(Stored items)

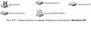 алфавіту і двокрапку після неї. Наприклад, А:, В:, С:, D:. Літери А і В зарезервовані для позначення накопичувачів на гнучких магнітних дисках. Якщо комп’ютер не має одного або обох цих накопичувачів, то відповідні літери не використовуються. На рисунку 3.31 наведено приклади значків, які позначають зовнішні запам’ятовуючі пристрої різних видів.
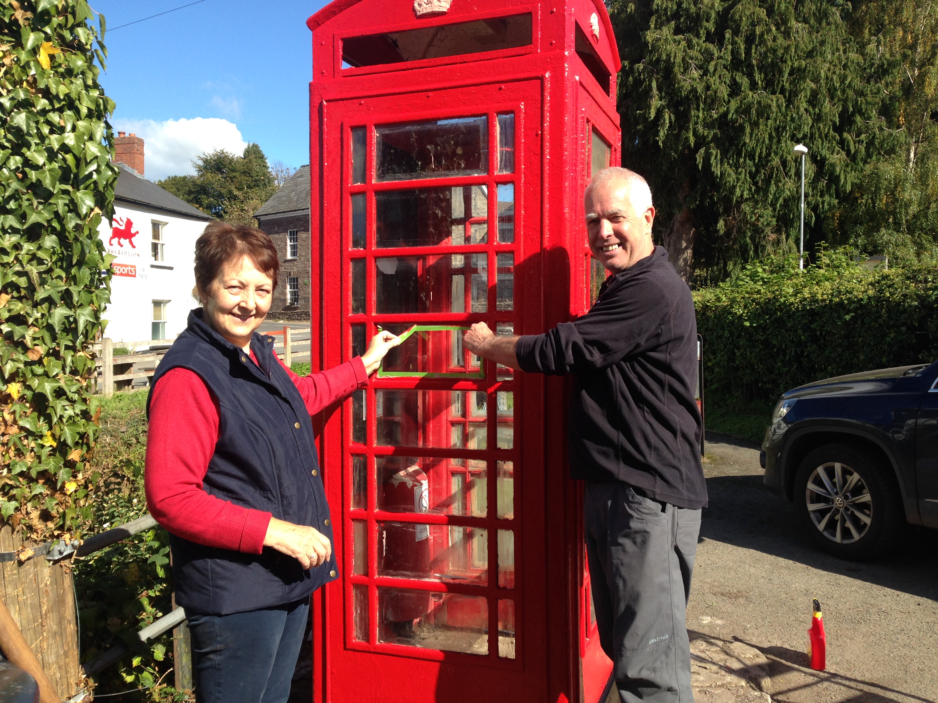 This iconic red kiosk in the village was purchased by Llangors Youth and Community Centre on September 26th 2016 from BT for the sum of £1. Since then a lot of work has been done by a few committee stalwarts in their spare time, in between rugby matches and the weather – either too hot or too wet!
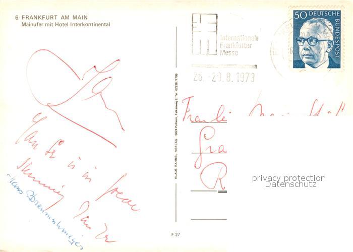 73089108 alte Postkarte Frankfurt Main Mainufer Hotel Interkontinental postalisch gelaufen Erhaltung siehe scans [PaolaD17] KatCode: 11110006412000
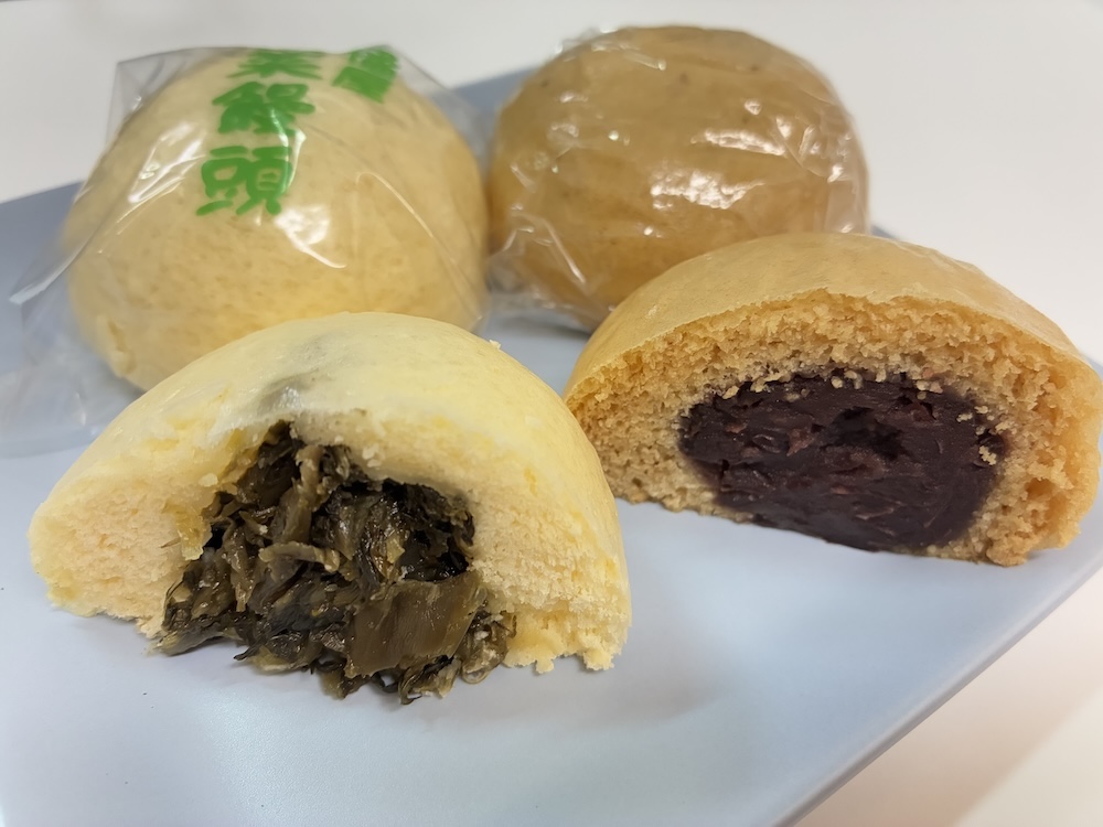 その「高菜まんじゅう」と、ごまと正油(しょうゆ)を使った「ごま正油まんじゅう」も食べてみました。
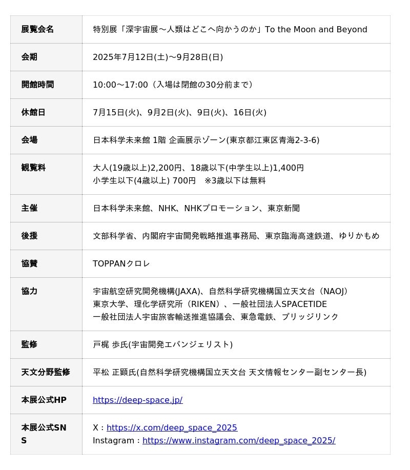 日本科学未来館(略称:未来館 館長:浅川智恵子)とNHK、NHKプロモーション、東京新聞が主催する、特別展「深宇宙展~人類はどこへ向かうのか」To the Moon and Beyondが、2025年7月12日(土)に開幕します。

Task: The records above are to be transcribed exactly, with every picture left out.

Answer section:
 алфавіту і двокрапку після неї. Наприклад, А:, В:, С:, D:. Літери А і В зарезервовані для позначення накопичувачів на гнучких магнітних дисках. Якщо комп’ютер не має одного або обох цих накопичувачів, то відповідні літери не використовуються. На рисунку 3.31 наведено приклади значків, які позначають зовнішні запам’ятовуючі пристрої різних видів.
 This iconic red kiosk in the village was purchased by Llangors Youth and Community Centre on September 26th 2016 from BT for the sum of £1. Since then a lot of work has been done by a few committee stalwarts in their spare time, in between rugby matches and the weather – either too hot or too wet!
 73089108 alte Postkarte Frankfurt Main Mainufer Hotel Interkontinental postalisch gelaufen Erhaltung siehe scans [PaolaD17] KatCode: 11110006412000
 その「高菜まんじゅう」と、ごまと正油(しょうゆ)を使った「ごま正油まんじゅう」も食べてみました。
 日本科学未来館(略称:未来館 館長:浅川智恵子)とNHK、NHKプロモーション、東京新聞が主催する、特別展「深宇宙展~人類はどこへ向かうのか」To the Moon and Beyondが、2025年7月12日(土)に開幕します。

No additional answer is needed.